Hello
we are facing some optimization problems for a workflow that interpolates raw measurements to one second intervals.
We are currently using dbl tempo for this, but had the same issues when doing an simple approach with window function.
we have the following input dataframe:
interpolate the df based like
tsdf_aligned = tsdf_measurements.interpolate(
freq=f"1 seconds",
func="ceil",
method="ffill",
partition_cols=["id"],
perform_checks=False,
)
As spark creates the partitions for the input df based on the raw data and this contains both high frequency data and very low frequency data, the input df has partitions that contain very different amount of measurements per signal:
- one partition may only contain only a few signals that have high frequency data
another partition may contain the data of 1000 of signals that only have a few measurements in the timespan
this results in data skew in the interpolation step as the partitions with a measurements of low frequency data suddenly will be interpolated to have 1 entry per second per signal.

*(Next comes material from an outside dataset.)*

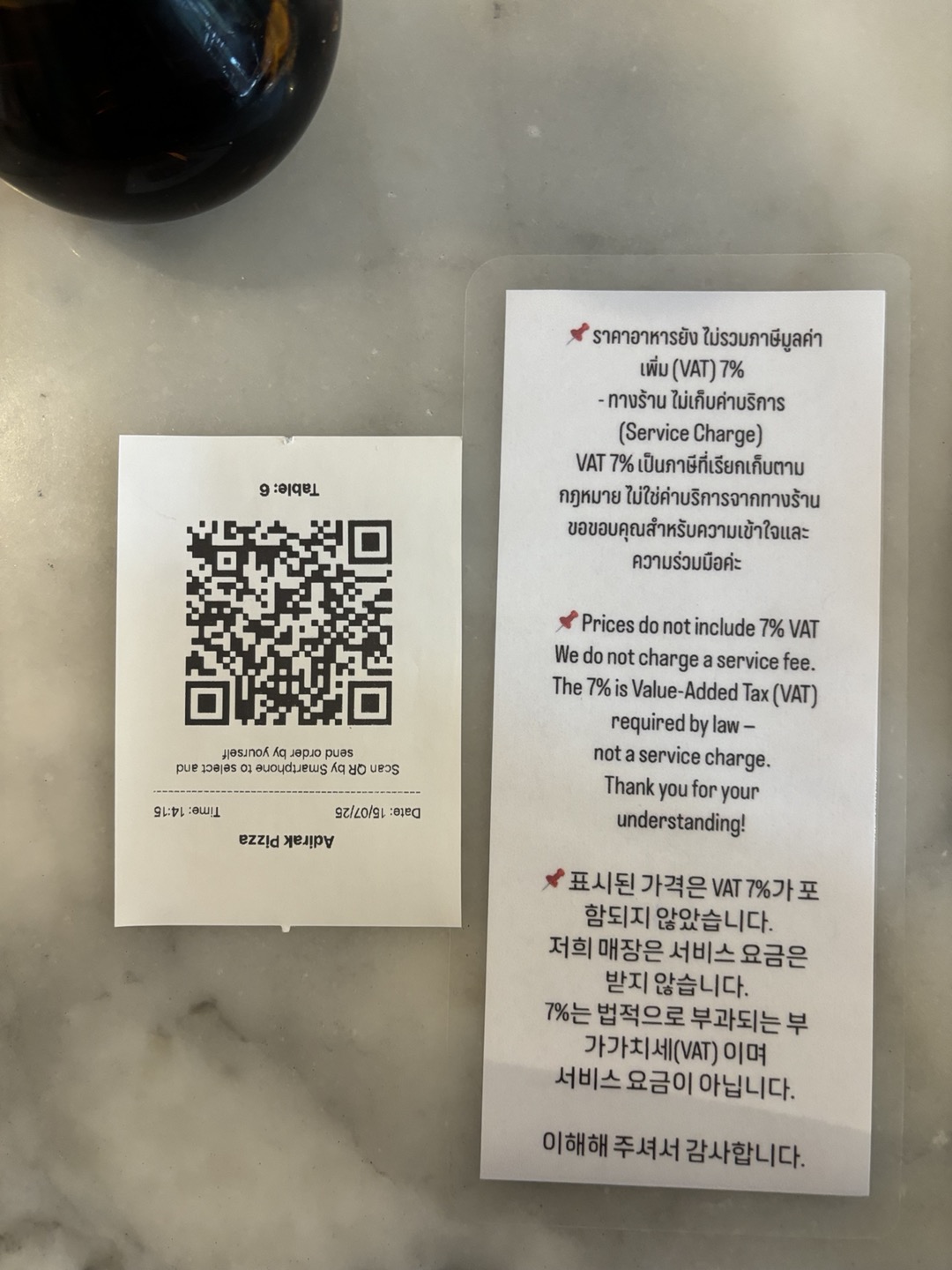 QR로 주문을 하더라도 메뉴판은 별도로 주는게 더 좋을텐데 메뉴가 많은데 메뉴판이 없어 스크롤을 하면서 보는게 편하지는 않았다. 이런 점들이 좀 아쉬웠다. (에어컨 포함)

For example if we don't configure any spark conf, the input df for one week of data will have 225 paritions:

We observed huge spilling and a bad distribution.

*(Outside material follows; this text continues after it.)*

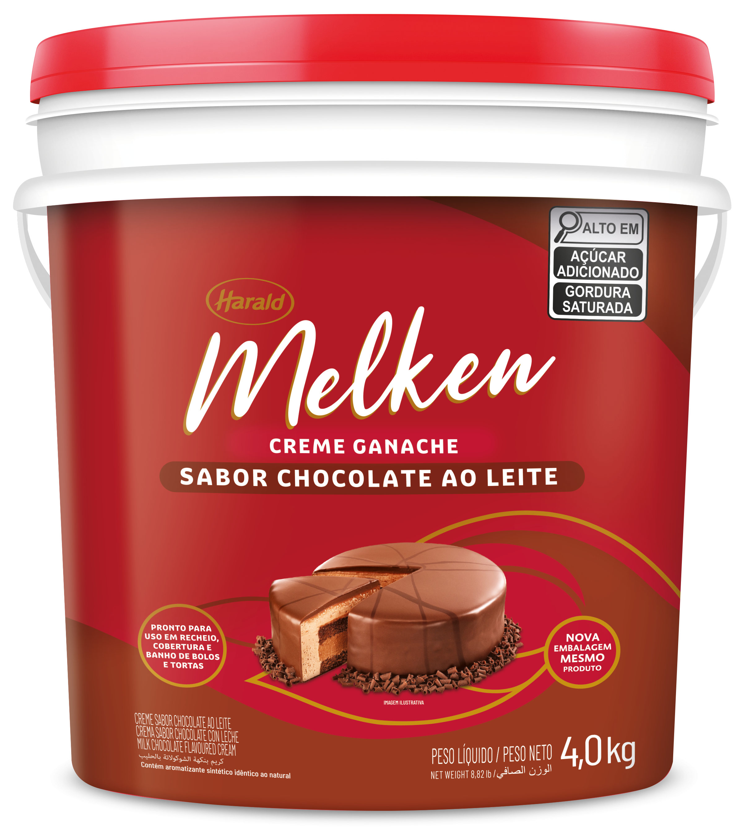 As Ganaches Melken são recheios e coberturas ideais para bolos e tortas, além de substituírem a manteiga e o açúcar em massas doces, trazendo o sabor do chocolate. A embalagem de 4 kg é ideal para uso profissional.

If we force spark to have smaller partitions, we can reduce the spill a bit but still have huge skew in the data. E.G. we set
spark.conf.set("spark.sql.files.maxPartitionBytes", "16m") spark.conf.set("spark.sql.adaptive.advisoryPartitionSizeInBytes", "16m")
and end up with 1100 partitions in the interpolation step:
but the data is still heavily skewed.
We tried to use call repartitionByRange(4000, "id") on the df to create a more evenly distributed input df but this will create some partitions where 1000 of low frequent sending signals are grouped together and some partitions where only a few signals are grouped together (as spark tries to make evenly sized partitions).
We are running out of ideas how to prepare the input df in a way to have well defined partitions. Are we missing something or are we using a completely wrong approach?